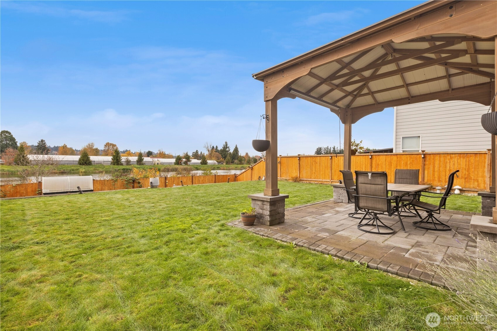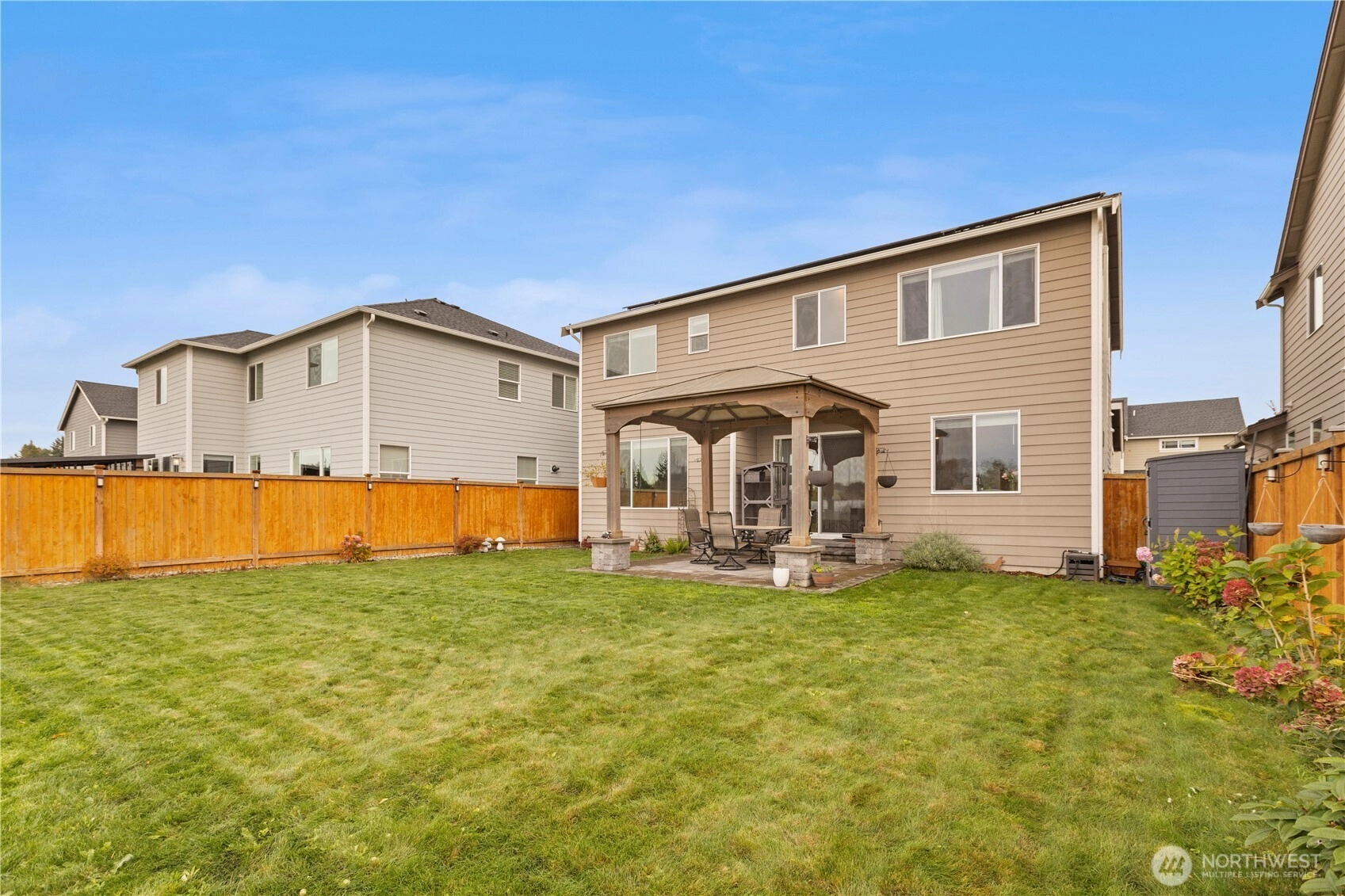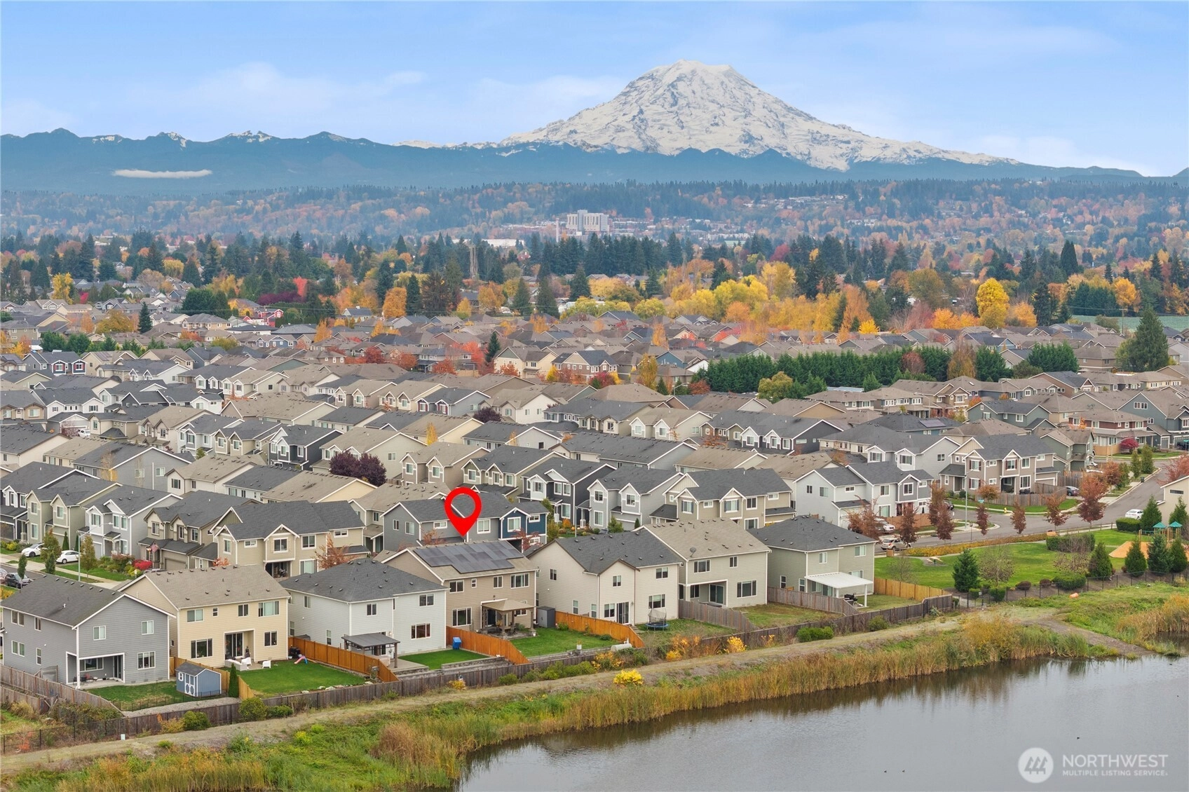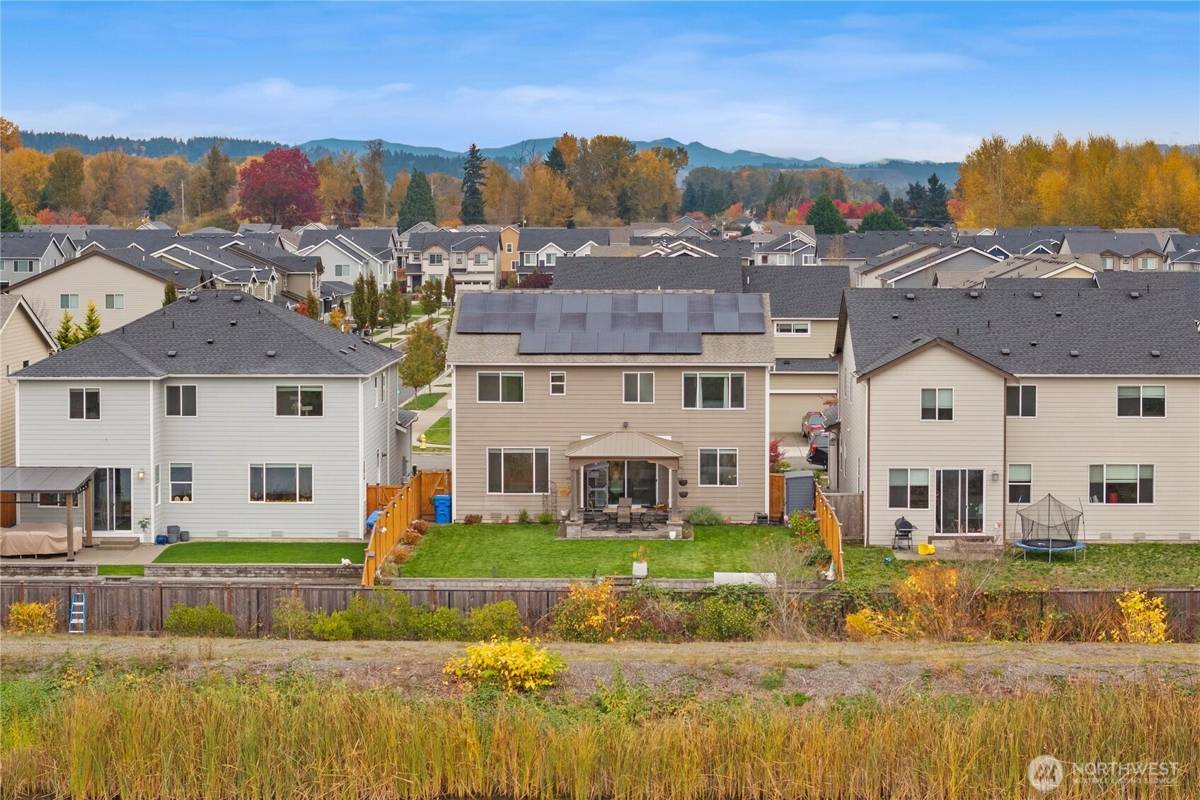 Immaculate Stevenson plan at Stewart Crossing! Original owner invested over $80K in upgrades including solar panels, A/C, EV car charger, retaining wall, expanded patio, sidewalk, and gazebo that stays. Backing to water and greenery, this 4BD/2.5BA, 2,704 sq ft home blends privacy and modern efficiency. Features quartz counters, soft-close Huntwood cabinets, stainless steel appliances, and open-concept living with den + bonus room. Added garage storage and bike racks. Located in the desirable Puyallup School District—this home is move-in ready and built for comfort, savings, and style!
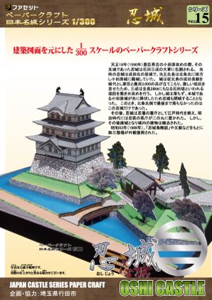 Die Burg Oshi ist bekannt dafür, einem Wasserangriff von Ishida Mitsunari während Toyotomi Hideyoshis Eroberung von Odawara standgehalten zu haben und dennoch nicht gefallen zu sein. In der Edo-Zeit wurde ein dreistöckiger Turm hinzugefügt, der als Verwaltungszentrum für den Oshi-Clan diente. Shigeru Ishihara hat diese prächtige Burg in seiner Serie japanischer Denkmäler im Maßstab 1:300 nachgebildet.
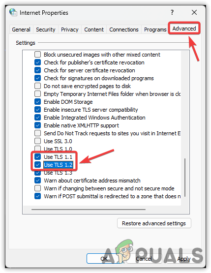- Select Use TLS 1.1 and Use TLS 1.2.
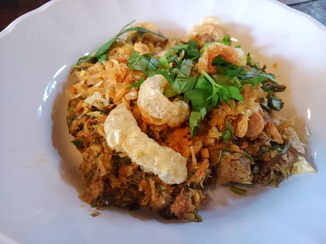 シーチキンを炒めたみたいな食感。パクチー入り 。
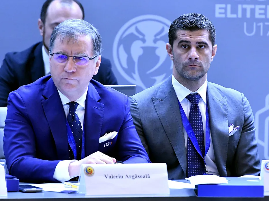 Valeriu Argaseala si Dani Coman in cadrul Adunarii Generale a FRF, desfasurata in Sala Nicolae Dobrin de la sediul Federtiei Romane de Fotbal din Bucuresti, mircuri 18 aprilie 2018. © FOTO Razvan Pasarica/SPORT PICTURES
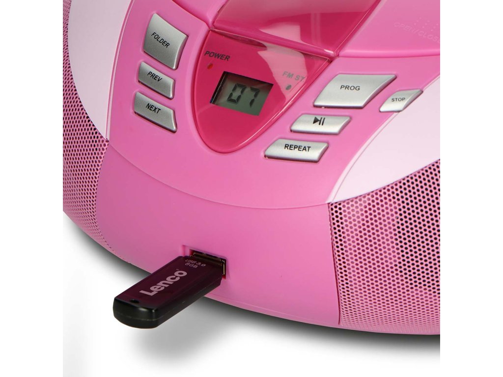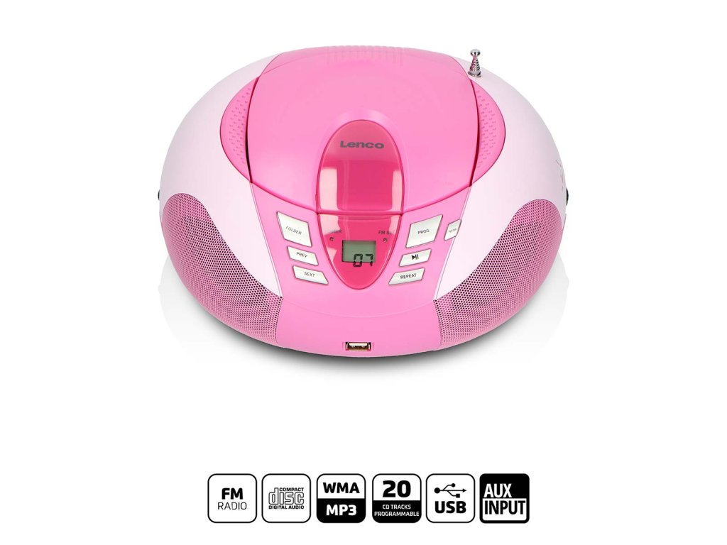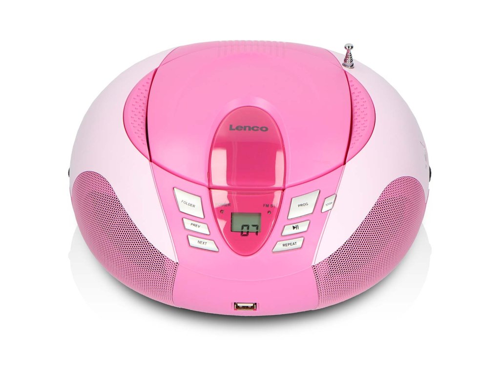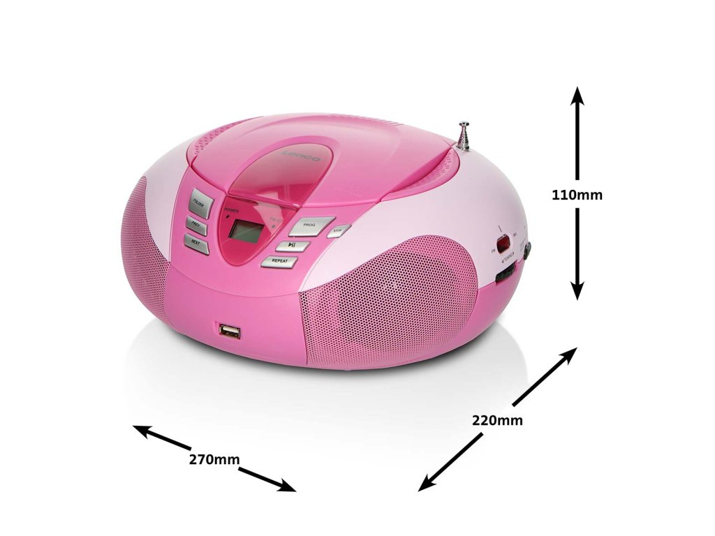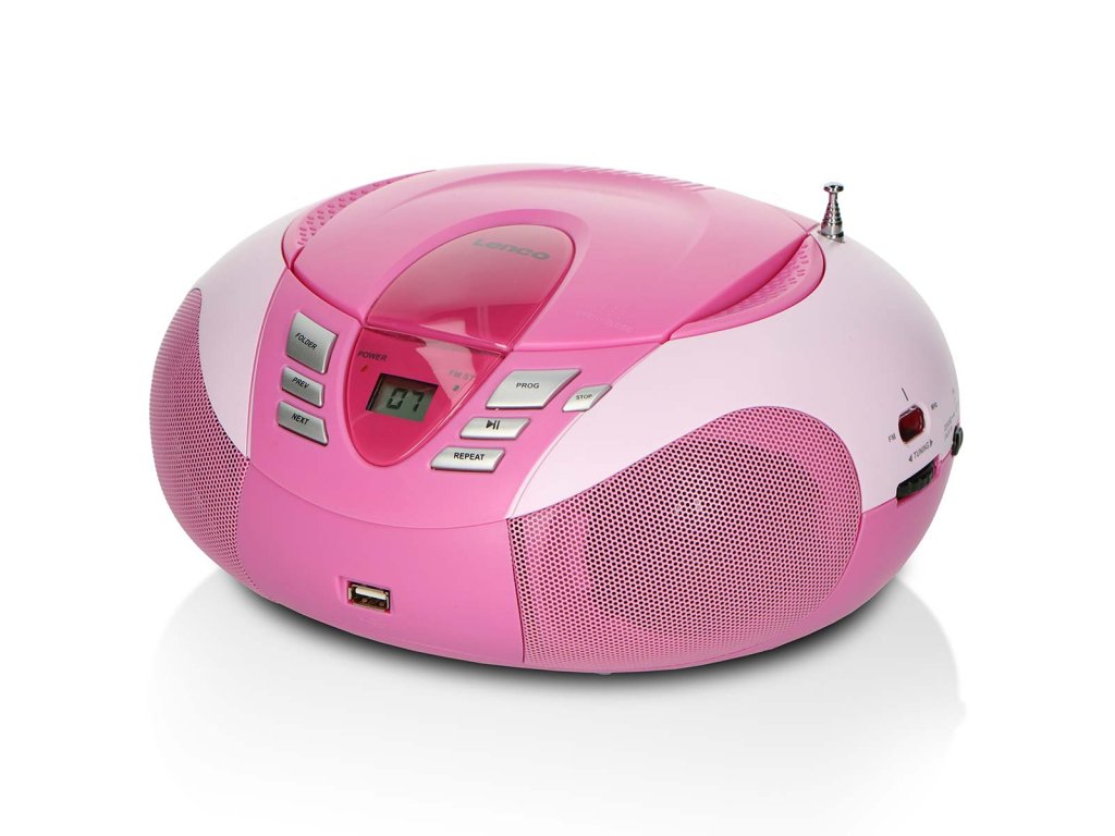Přenosný FM rádio přehrávač CD a USB Růžová
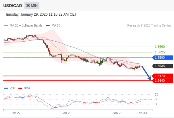 在 1.3590 之下,看跌,目标价位为 1.3470 ,然后为 1.3440 。
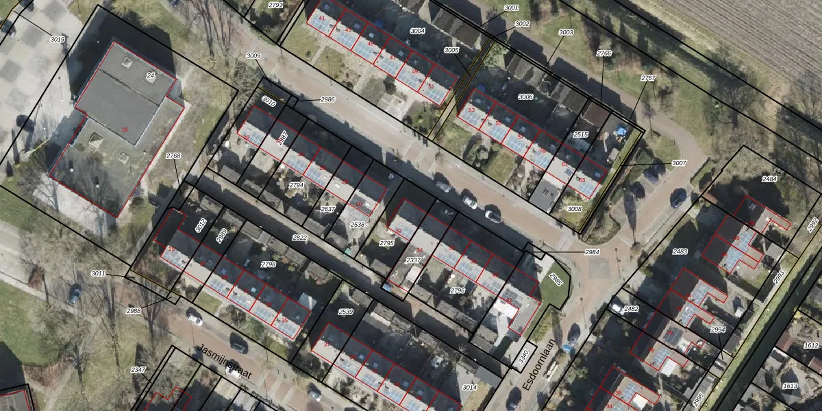 Gebruik de zoekbalk of klik op een perceel voor informatie over de adressen binnen dit perceel.
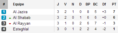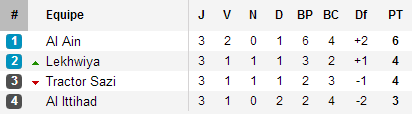 La situation est délicate mais moins désespérée pour Al Ittihad dans le groupe C. Les Tigres, grande figure du football de Moyen Orient, sont actuellement derniers d’un groupe dominé par l’Al Ain de Gyan (meilleur buteur de la compétition) et le Lekhwiya de Gerets. Mais avec seulement trois points de retard sur le leader, les Tigres peuvent encore se replacer. Le choc des deux leaders de la quatrième journée devrait leur permettre de revenir sur eux.
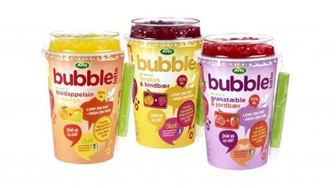 ImageLa compañía sueco/danesa Arla foods, desarrollo junto con Döhler (muy importante empresa alemana que suministra productos para el desarrollo e innovación de alimentos y bebidas) una bebida láctea descremada y saborizada, con burbujas rellenas de sabores frutales: Arla Bubble Latte. Las burbujas desarrolladas con tecnología de Döhler son 100% naturales. Esta nueva experiencia, nutrutiva a la par que divertida pretende atraer a consumidores jóvenes. En tres sabores: Frambuesa, mango y fresa este producto fue premiado como la mejor innovación láctea en Drinktec.
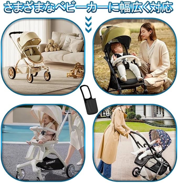 【コンパクトで邪魔にならない】スリムなデザインでベビーカーの収納袋や自転車のスペースを圧迫せず、折り畳み時もそのまま装着可能。
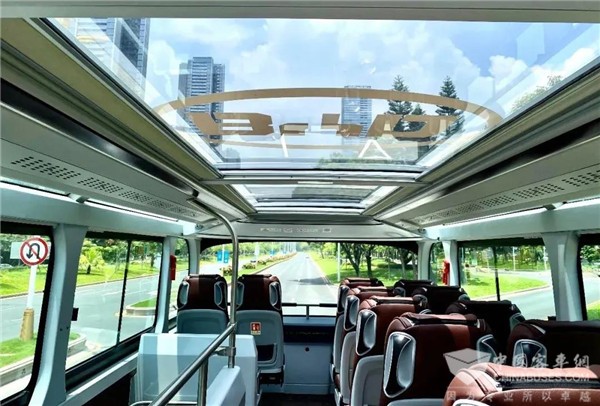 更高颜值、更高品质、更高性能,用心设计打造全新出行,B12D拥有超1.9米高的一层车厢,最大程度给予乘客站立空间;第四代铝合金车身配合一体化玻璃,宽敞明亮,览尽沿途风光。直通式楼梯逐阶而上,一体化护栏、楼梯口防撞软包、冰蓝色踏步灯……带来“居家式体验”,让旅途更加安全舒适;二层超大尺寸全景天窗、折扇式双开遮阳帘、中控防紫外线隔热玻璃、大弧面顶角窗等,尽显人性化关怀,无论穿梭在高楼大厦,还是徜徉在自然风光,都能景入眼帘,给人满目风华, 360°观赏旅途中一道道绚丽多彩的风景,让出行成为一种享受。
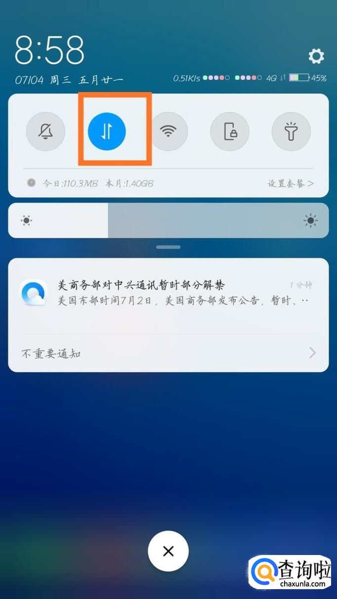 我们接下来就是设置移动流量的卡了,设置可以很好的避免一张卡的流量超出,首先拉下状态栏,找到数据流量的图标,然后长按。
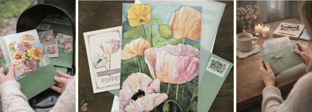 - A piece of real mail designed to bring a small pause and a bit of beauty into your day
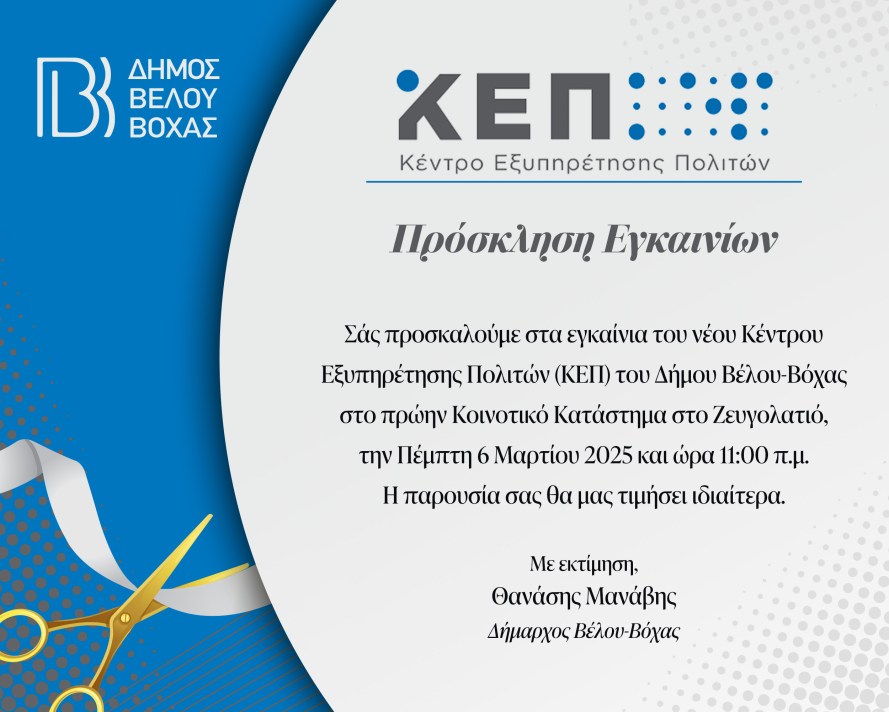Ο δήμαρχος Βέλου-Βόχας, Θανάσης Μανάβης, προσκαλεί τους δημότες να παραστούν στην εκδήλωση, τονίζοντας τη σημασία του νέου ΚΕΠ ως βασικού εργαλείου για την άμεση και ποιοτική εξυπηρέτηση των πολιτών.
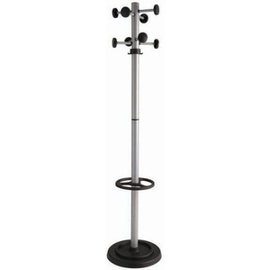 Kapstok Sofia, Materiaal: Staal, Aantal haken: 8, Kleur: Grijs/zwart, Type: Kapstok, Hoogte: 175 cm, Materiaal: Staal, Jashaak kleur: Zwart, Jashaak materiaal: Polypropyleen, Gewicht: 4200 g, Onderstel: Op sokkel, Diepte: 39 cm
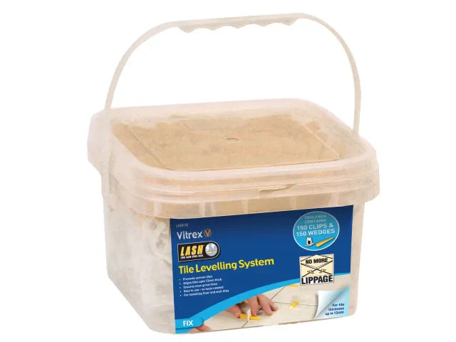 Vitrex Lash Clips & Wedges help prevent uneven tiles. Aligns tiles up to 12mm thick and ensures even grout lines. Easy-to-use, no tools needed.
____________
DESCRIPTION OF THE TASK
Return word for word the lines of the listing above, starting at the line with "- Select Use TLS 1.1 and Use TLS 1.2." and ending at the line with "Ο δήμαρχος Βέλου-Βόχας, Θανάσης", both included. Pictures do not belong in the copy.

TASK RESULT
- Select Use TLS 1.1 and Use TLS 1.2.
 シーチキンを炒めたみたいな食感。パクチー入り 。
 Valeriu Argaseala si Dani Coman in cadrul Adunarii Generale a FRF, desfasurata in Sala Nicolae Dobrin de la sediul Federtiei Romane de Fotbal din Bucuresti, mircuri 18 aprilie 2018. © FOTO Razvan Pasarica/SPORT PICTURES
Přenosný FM rádio přehrávač CD a USB Růžová
 在 1.3590 之下,看跌,目标价位为 1.3470 ,然后为 1.3440 。
 Gebruik de zoekbalk of klik op een perceel voor informatie over de adressen binnen dit perceel.
 La situation est délicate mais moins désespérée pour Al Ittihad dans le groupe C. Les Tigres, grande figure du football de Moyen Orient, sont actuellement derniers d’un groupe dominé par l’Al Ain de Gyan (meilleur buteur de la compétition) et le Lekhwiya de Gerets. Mais avec seulement trois points de retard sur le leader, les Tigres peuvent encore se replacer. Le choc des deux leaders de la quatrième journée devrait leur permettre de revenir sur eux.
 ImageLa compañía sueco/danesa Arla foods, desarrollo junto con Döhler (muy importante empresa alemana que suministra productos para el desarrollo e innovación de alimentos y bebidas) una bebida láctea descremada y saborizada, con burbujas rellenas de sabores frutales: Arla Bubble Latte. Las burbujas desarrolladas con tecnología de Döhler son 100% naturales. Esta nueva experiencia, nutrutiva a la par que divertida pretende atraer a consumidores jóvenes. En tres sabores: Frambuesa, mango y fresa este producto fue premiado como la mejor innovación láctea en Drinktec.
 【コンパクトで邪魔にならない】スリムなデザインでベビーカーの収納袋や自転車のスペースを圧迫せず、折り畳み時もそのまま装着可能。
 更高颜值、更高品质、更高性能,用心设计打造全新出行,B12D拥有超1.9米高的一层车厢,最大程度给予乘客站立空间;第四代铝合金车身配合一体化玻璃,宽敞明亮,览尽沿途风光。直通式楼梯逐阶而上,一体化护栏、楼梯口防撞软包、冰蓝色踏步灯……带来“居家式体验”,让旅途更加安全舒适;二层超大尺寸全景天窗、折扇式双开遮阳帘、中控防紫外线隔热玻璃、大弧面顶角窗等,尽显人性化关怀,无论穿梭在高楼大厦,还是徜徉在自然风光,都能景入眼帘,给人满目风华, 360°观赏旅途中一道道绚丽多彩的风景,让出行成为一种享受。
 我们接下来就是设置移动流量的卡了,设置可以很好的避免一张卡的流量超出,首先拉下状态栏,找到数据流量的图标,然后长按。
 - A piece of real mail designed to bring a small pause and a bit of beauty into your day
Ο δήμαρχος Βέλου-Βόχας, Θανάσης Μανάβης, προσκαλεί τους δημότες να παραστούν στην εκδήλωση, τονίζοντας τη σημασία του νέου ΚΕΠ ως βασικού εργαλείου για την άμεση και ποιοτική εξυπηρέτηση των πολιτών.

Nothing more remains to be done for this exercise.